The United Nations Committee on Social, Economic, and Cultural Rights by Baderin and McCorquodale [1] has defined poverty as “a human condition characterized by sustained or chronic deprivation of the resources, capabilities, choices, security, and power necessary for the enjoyment of an adequate standard of living and other civil, cultural, economic, political and social rights”. The fundamental Sustainable Development Goal is to “End Poverty in all its manifestations worldwide”. Each country in the world is committed to eradicating poverty, ensuring that all people, including the poor and vulnerable, have equal access to economic resources, healthy living conditions, and basic infrastructure and technology [1,2,3,4,5]. Furthermore, there should be no question that developing countries and people are more sensitive to environmental degradation than the wealthy. Statista report that there are 1.3 billion people living in multidimensional poverty in 101 countries—23% of the population [6]. These data are derived from a person’s earnings and the extent to which they can satisfy their most basic requirements. According to the World Bank, 9.2% of the world’s population lives in poverty on less than USD 1.90 a day. Multidimensional poverty is defined as a lack of access to health, education, and living standards for individuals in 107 developing countries, according to the United Nations Development Program 2020 study [7].
Poverty reduction is an important approach to build a human community with a shared future and ensure sustainable development of the whole world and among different regions. There are many international organizations such as the World Bank for financial products and technical assistance for countries, the World Health Organization (WHO) for expanding universal health coverage, and the Food and Agriculture Organization of the United Nations (FAO) for defeating hunger who are continually undertaking efforts to solve poverty problems [8,9,10]. On the other hand, many researchers paid attention to the poverty research issues over time, for instance, poverty research agenda, rural poverty, urban poverty, child poverty, etc. However, the previous research lacks in the provision of a systematic survey and analysis on the poverty research from a bibliometric analysis perspective [11]. Poverty affects certain stages of everyone’s life, either from personal experience, in a relationship, or knowing someone struggling [12]. Coping with Poverty in Rural Secondary Education inspires one to seek solutions for others facing the same problem. Situations that lead to poverty can be caused by problems between generations or out-of-control population groups [13], while later generations struggle with poverty. Guidelines and research on these issues must be flexible to meet the needs of all [14]. Since poverty has a significant impact on life and education, research questions must be proposed, and research efforts must be conducted to find the answers. Candidates for research in this area must explore the views of researchers concerning previously studied issues when there is sufficient data readiness status to encourage research enthusiasm. This could be used in later studies to alleviate the pressures caused by poverty. Understanding the definitions of key research areas will help deepen one’s knowledge of the poverty research topic.
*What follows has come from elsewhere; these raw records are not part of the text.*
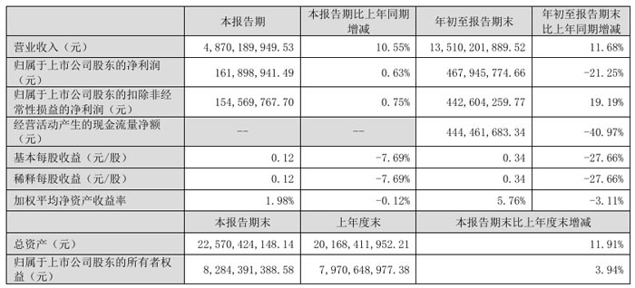 前三季度,公司實(shí)現(xiàn)營(yíng)業(yè)收入 135.10 億元,同比增長(zhǎng) 11.68%;其中單季度營(yíng)業(yè)收入 48.70 億元,同比增長(zhǎng) 10.55%,營(yíng)收增長(zhǎng)勢(shì)頭持續(xù)。利潤(rùn)方面,前三季累計(jì)歸屬于上市公司股東的凈利潤(rùn) 4.68 億元,同比下降 21.25%;但扣除非經(jīng)常性損益后的凈利潤(rùn)達(dá) 4.43 億元,同比大幅增長(zhǎng) 19.19%,核心盈利能力顯著增強(qiáng);久抗墒找 0.34 元,同比下降 27.66%;加權(quán)平均凈資產(chǎn)收益率為 5.76%。第三季度單季度實(shí)現(xiàn)歸母凈利1.61億元,同比微增0.63%。
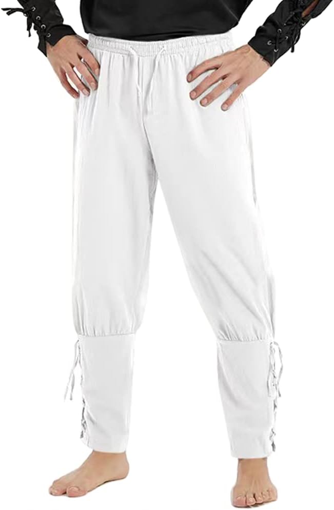 Men's Medieval Ankle Tapered Banded Cuff Pants Viking Navigator Pirate Renaissance Costume Gothic Casual Trousers
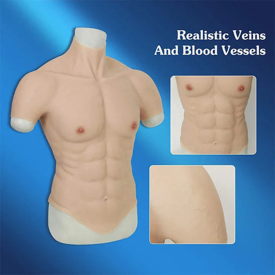 Realistic Muscle male Chest vest Soft Fake Muscle crossdresser Cosplay Halloween Costume Silicone Fake Muscle Suit

Bibliometric analysis on the poverty research can provide a clarified and visualized understanding of the development of poverty research, referring to topics, paper productions, future trends, and so forth. Therefore, this research was conducted from the perspective of bibliometric analysis. This kind of research is beneficial for understanding the research situation over time and providing reference to future research both in theoretical and practical perspectives. This study has four main research questions: Which publications, authors, and countries have made the most extensive contributions to poverty research? What are the fundamental research strands, and how have essential values on the issue evolved? What are the gaps in the research on poverty over the study period? What are the significant concerns and trends occurring or that may arise in the next few years? This research is purely based on the Scopus database. The Scopus database holds numerous papers on poverty research findings that have been published during the previous six decades.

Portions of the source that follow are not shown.